# INFORMATION GIVEN
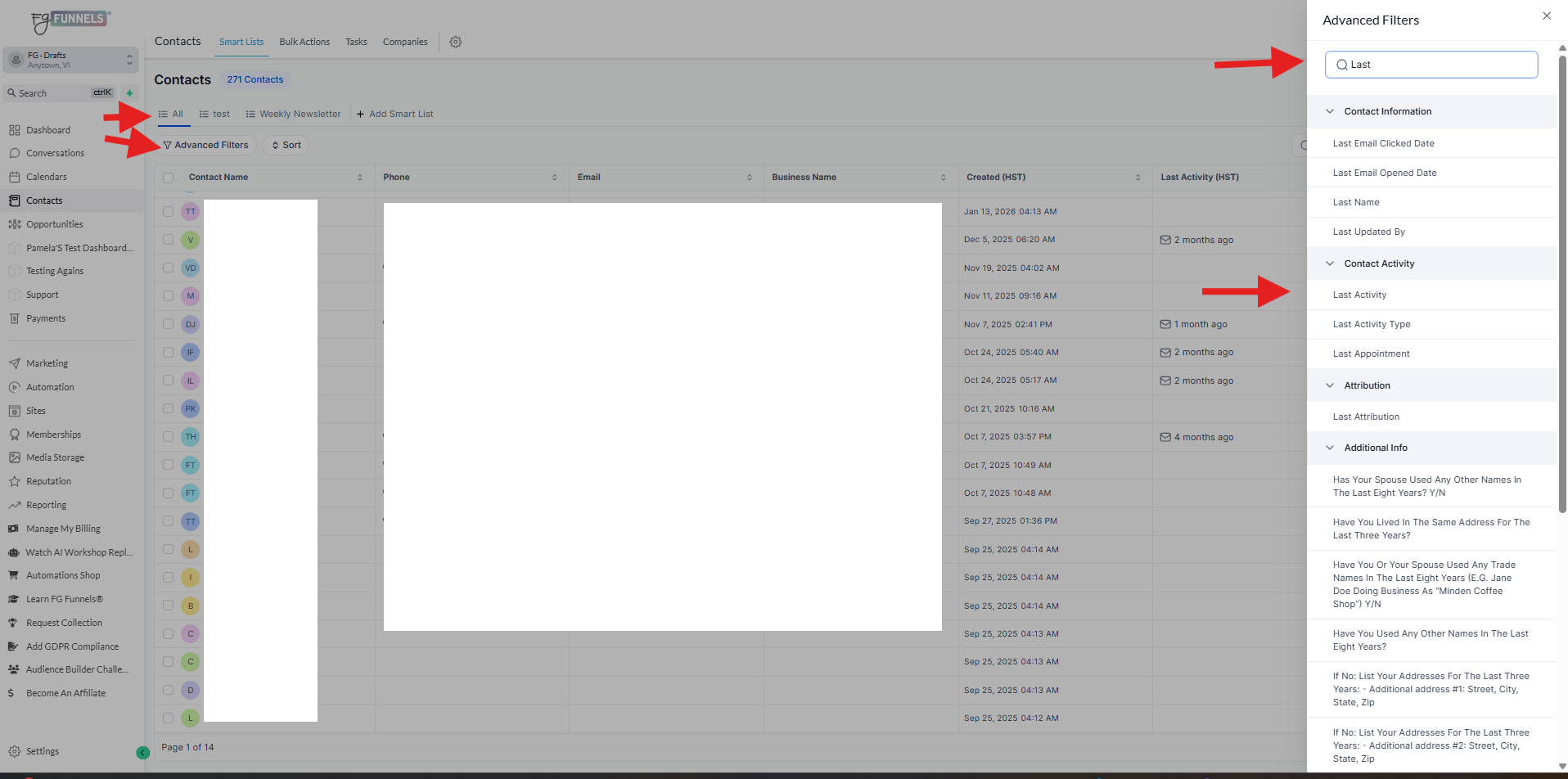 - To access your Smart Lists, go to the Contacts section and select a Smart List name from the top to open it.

* * *

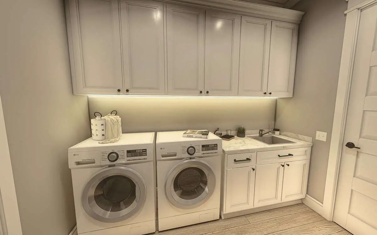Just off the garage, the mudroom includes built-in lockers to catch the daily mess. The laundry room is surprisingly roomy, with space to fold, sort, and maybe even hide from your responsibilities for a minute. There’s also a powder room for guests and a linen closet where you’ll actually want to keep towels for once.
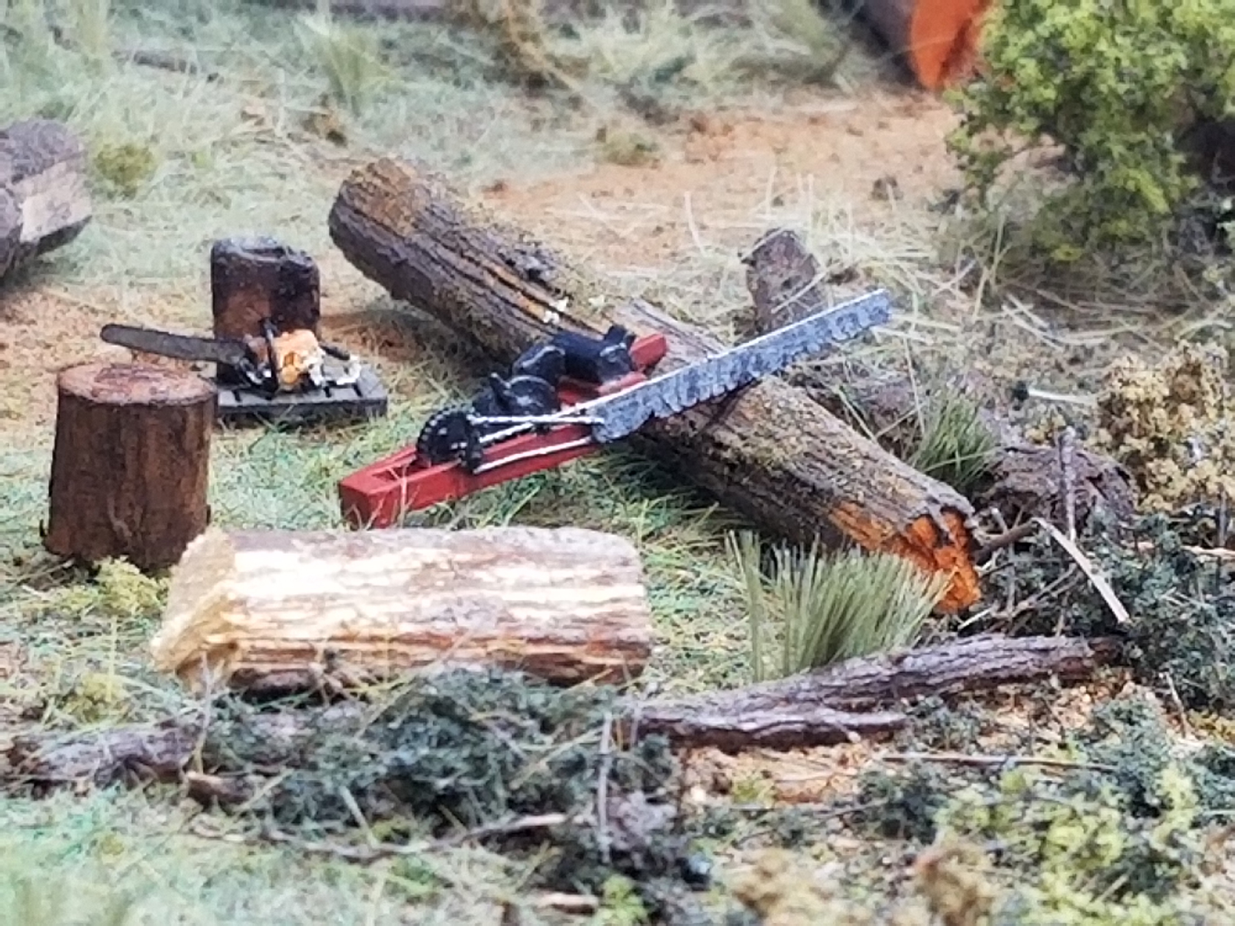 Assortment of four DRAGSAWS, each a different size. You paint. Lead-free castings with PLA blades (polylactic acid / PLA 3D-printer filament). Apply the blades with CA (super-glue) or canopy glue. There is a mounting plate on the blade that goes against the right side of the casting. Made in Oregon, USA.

---

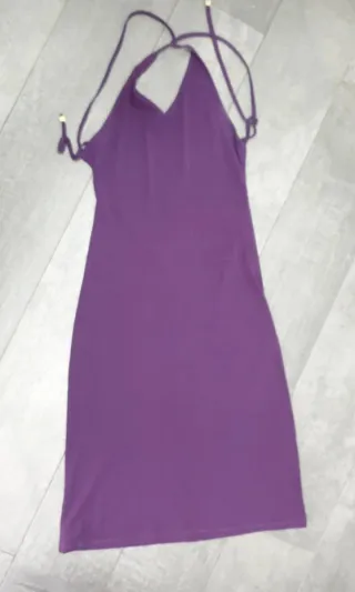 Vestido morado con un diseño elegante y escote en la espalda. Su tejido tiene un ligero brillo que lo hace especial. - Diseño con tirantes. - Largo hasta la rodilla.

# TO DO
Work from the entries above. Set down exactly and only the lines from the line with "Just off the" to the line with "Assortment of four", both included, and leave the pictures out.

# WORKED SOLUTION
Just off the garage, the mudroom includes built-in lockers to catch the daily mess. The laundry room is surprisingly roomy, with space to fold, sort, and maybe even hide from your responsibilities for a minute. There’s also a powder room for guests and a linen closet where you’ll actually want to keep towels for once.
 Assortment of four DRAGSAWS, each a different size. You paint. Lead-free castings with PLA blades (polylactic acid / PLA 3D-printer filament). Apply the blades with CA (super-glue) or canopy glue. There is a mounting plate on the blade that goes against the right side of the casting. Made in Oregon, USA.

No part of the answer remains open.